These four were room partners and had soon become the best of buddies.
One day it so happened that Bullu had gone to the market to buy some stuff. There he saw his childhood friend Fun-Ali buying about a million Clips and a lakh Hair-Bands to keep her hair intact. Old memories flashed into his head, Bullu and Fun-Ali had been Langotti-Yaars. Her hair made him go bonkers and he fell in love with Fun-Ali and her outrageously enigmatic hair. Bullu was just about to express his feelings for her, when much to Bullu's disappointment came a man of few words and lot of actions, Mr. Pom-Pom Ponty No-Bra in a car and took Fun-Ali with him.
Note : Pom pom Ponty and the Cheapu Langur have performed ground breaking research in the field of Java as a programming language and are regarded along with Mister Paad and Despo Bhand as the 4 developers of Java.
Poor Bullu couldn't hit the 'hammer on its head' and soon turned into an introvert. One fine Day Fun-Ali, Pom pom Ponty and their friends had gone to Gorai Beach for a picnic. What happened there is now a part of folklore. For those who are not aware please contact Bishwas for complete details.
From that day Fun-Ali broke her friendship with Ponty but again to the disappointment of Bullu befriended Cheapo Langur. Cheapu Langur on the outside seemed to be just like Ponty, a good guy. But it wasn't so. Now this guy had a great swimming pool that could lure anyone at his guesthouse at Arnala. Bullu on the other hand had nothing. He badly needed a part-time job to pay off his college expenses. So Fun-Ali recommended him to Cheapu Langur who gave him a job of cleaning the pool daily. Bullu was indeed honored at getting such a good job.
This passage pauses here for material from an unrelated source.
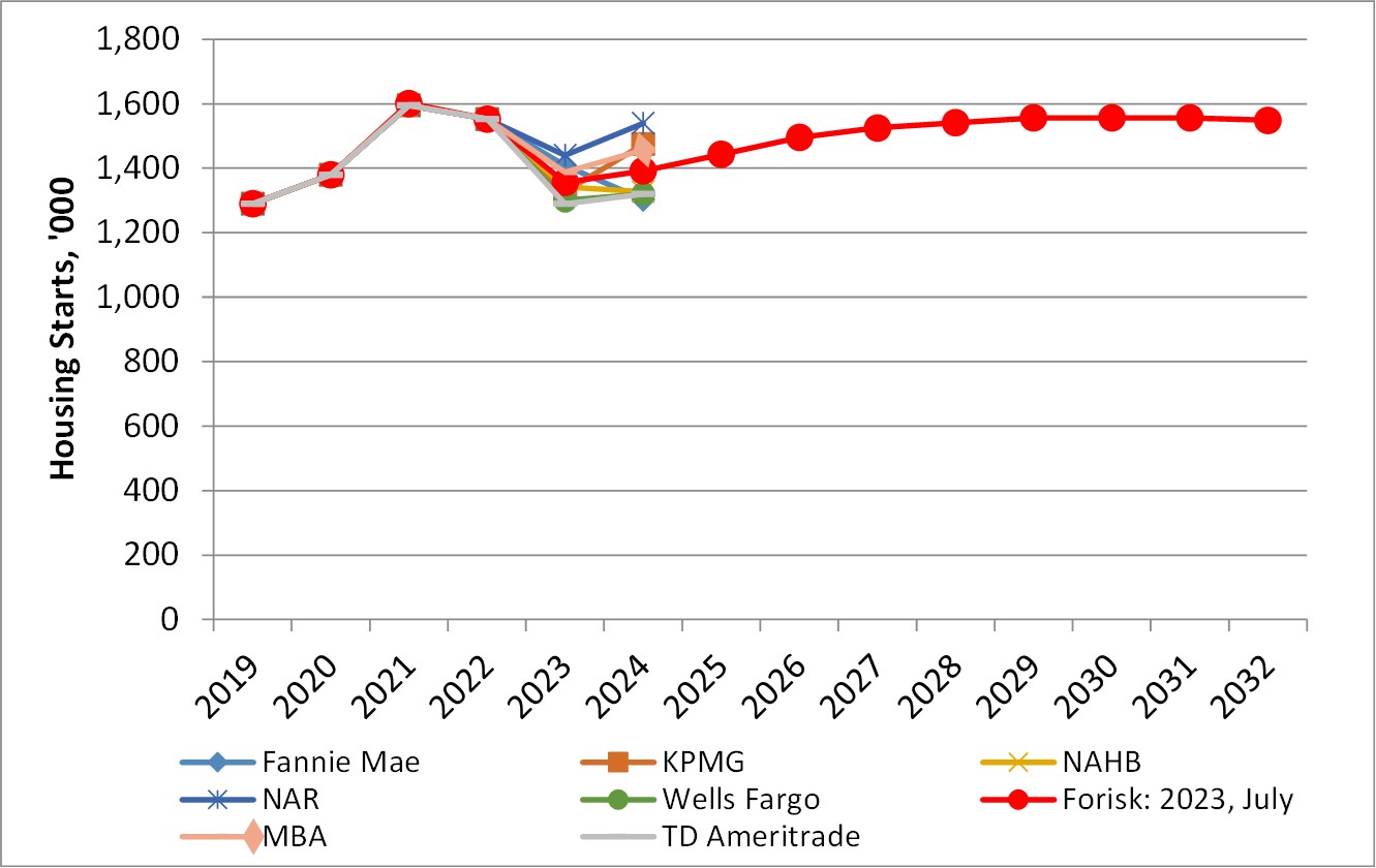 Forisk’s Base Case declines sharply in 2023 before beginning to recover. The forecast peaks at 1.56 million housing starts towards the end of the projection. Despite widespread consensus that housing starts are trending lower for 2023, estimates vary widely for 2024. For example, Fannie Mae forecasts a bearish 2024 with an estimate of 1.303 million starts. Meanwhile, NAR posits a much more bullish 2024, rising back to 1.540 million starts. This represents a range of 237 thousand starts.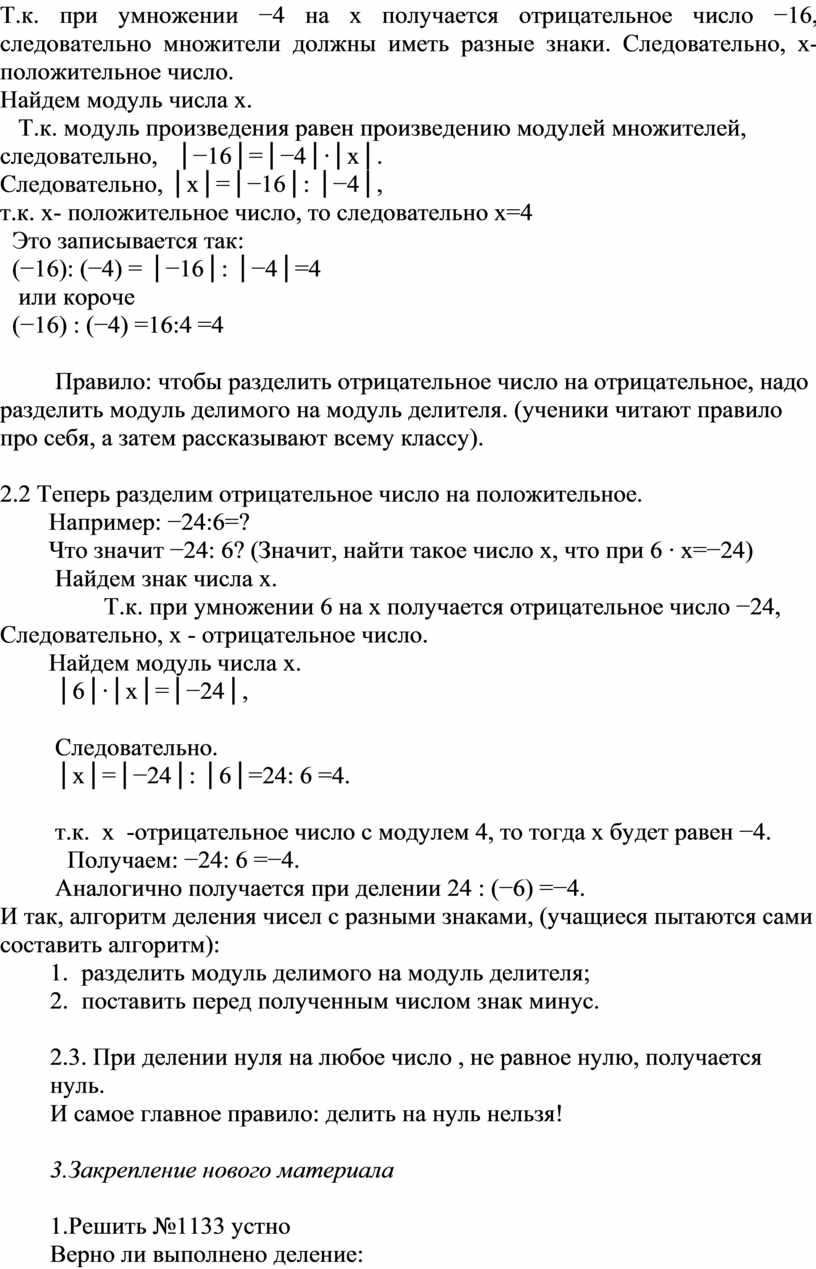 2.1. Деление отрицательных чисел имеет тот же смысл, что и деление положительных чисел. т.е. по заданному произведению и одному из множителей

One day Cheapu Langur invited all his friends for a poolside party including Fun-Ali. Since Fun-Ali was feeling nervous for the party she asked Bullu to accompany her. It was Fun-Ali's first poolside party and so Bullu being such a good friend accompanied her. Langur on the other hand had very cruel intentions. During the party he caught hold of Fun-Ali and threw her in the pool. He followed it up by jumping into the pool and started drowning her with his bare hands. This made Fun-Ali cry and Bullu started fuming with anger. He shouted at Langur to leave her alone. But Langur gave him his characteristic irritating dirty smile and said "Chal Bhug". Bullu and Fun-Ali decided to leave the party. Bullu asked Fun-Ali to use her head (which she incidently lacked) while choosing her friends. That day Fun-Ali attained the realization that she had fallen in love with Bullu. She expressed her feelings for Bullu and he said 'yes' at the speed of lightening. Since then they lived happily ever after. (Except for some stray incidents like 1) Arnala swimming pool incident with the good guy Shetan and also 2) the desperate plunge for Wobin's pants).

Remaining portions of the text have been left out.